Sunday, February 26, 2006

Becoming the default

Last night I went to a student dance concert - modern dance, which I've never been much good at deciphering. In trying to figure out what the dancers were supposed to symbolize I was looking at the colors of their costumes, the way they were grouped on the floor, etc. I didn't even consider their gender until I started wondering what non-Bryn Mawr students were making of it and realized that to them the dancers represented four women, and at most other schools they would have represented four women. To me they represented four people.

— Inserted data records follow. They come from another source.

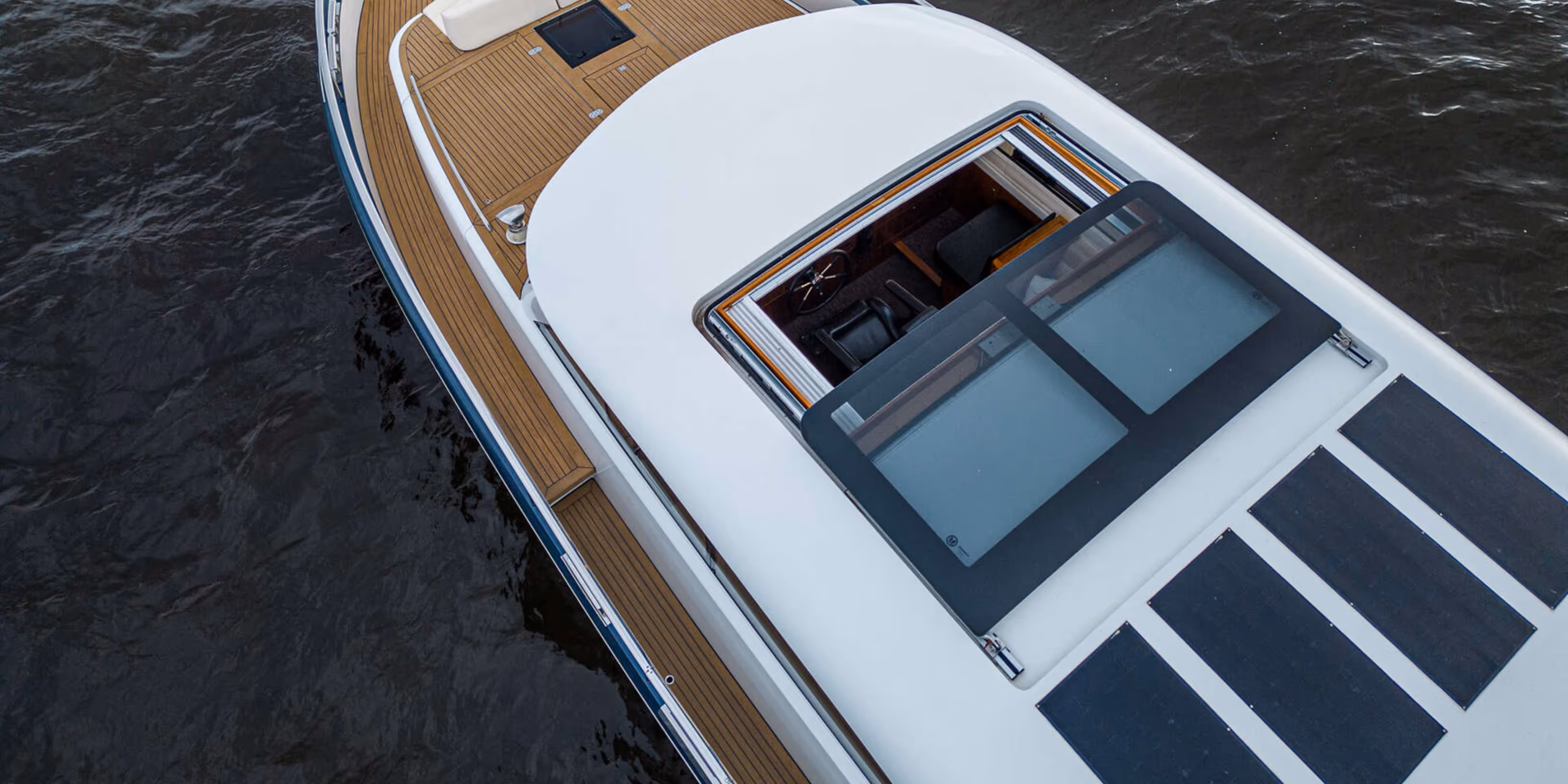 The exterior decks are designed for safe and easy movement, with stainless steel railings and wide side decks. The foredeck offers generous space for seating and deck equipment, while the cockpit provides sheltered outdoor seating with direct access to the saloon via full width folding doors. A bathing platform and stainless steel boarding ladders allow easy access to the water.
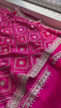 Beautifully adorned with handcrafted Gotapatti, Zardozi, and pearl embroidery, this saree shines with refined grace. Its grand border work and striking texture make it an exceptional choice for festive occasions, weddings, and celebrations where sophistication meets culture. Paired with a matching pure Munga silk blouse, this saree is a timeless addition to every connoisseur’s wardrobe.
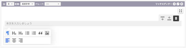 また、ブロックベースの考え方でできているため、見出しと本文を入れ替えたり画像と本文を入れ替えたり、順番の制御が容易に行えます。

In a community where a given variable - in this case gender - doesn't vary, you start to ignore it in a way you never could otherwise. You speak in class without feeling that you're representing your group to outsiders, because everyone around you is part of the group. You never walk into a room or sit down at a lunch table where you're the only one of your kind. (Granted, I'm speaking purely for gender, and if I were of a different race or varied from society's defaults in some other way none of this would be true at Bryn Mawr.) We can pretend to be blind to gender or race or any other variable, but that's masking that on some level inequalities and problems exist. Nobody tells jokes about a woman who walks into a bar unless the joke hinges on the fact that she's a woman. It's always a guy walking into a bar. Men are the default, and anyone else is an exception. I don't know if four years of thinking of yourself as a human instead of a woman (or a black at an HBCU, or any other parallel) can give you a lasting power to think that way, but it sure feels good while it lasts.